IfYoureHappyAndYouKnowIt · 14/05/2010 13:04

Lucy, I totally agree with WWIFN and AF's comments

Right now I'd go for distance and letting him think about what HE wants to do to heal this. Then you need to start to think about whether could accept him back.

The pain in the tummmy (a lot of us have had that) is what happens when you're in shock / are living with extreme tension. Some space and control for you over the situation will help that pain to fade. Living in a situation you're not happy with on-going makes you feel ill. I think if you can stay strong, ask for some time apart and get him to go, at least for now, you'll start to feel better

Lucy85 · 14/05/2010 13:10

What pisses me off is that she is older than me, uglier than me and has a worse job (so is less successful) than me. So I don't really know where I went wrong tbh.

My husband has seen me at my most vulnerable - unconscious (ill), and in labour (blood EVERYWHERE, stitches, stirrups etc)

I thought our shared history was part of our journey through life together, but now he has thrown it away.

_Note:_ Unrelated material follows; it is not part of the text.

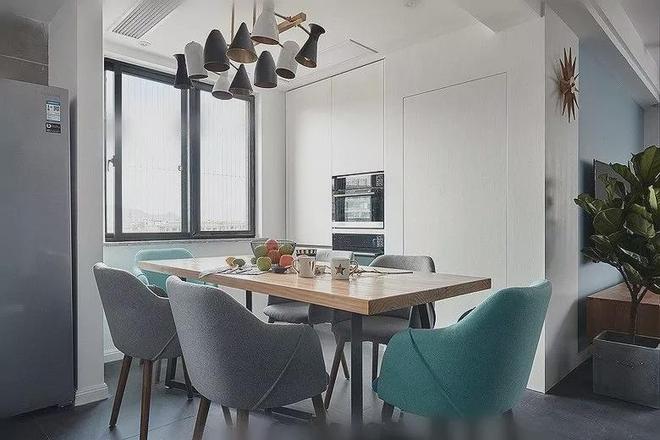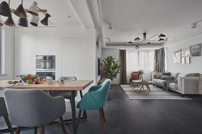 客厅与餐厅相连,开放式的就餐空间,原木风的餐桌与布艺餐椅,顶部黑白相间的吊灯,营造愉悦舒适的就餐氛围。

I haven't told anyone apart from one friend who is not connected to anyone else I know . I can't face it - I just feel so ashamed and so weak, but I'm normally really strong and really postive, caring and funny. Dunno why I'm ashamed - prob cos I wasn't good enough or whatever blah blah. I don't feel I can tell my family as they would never be the same with him again. And if we did stay together that would make it all worse.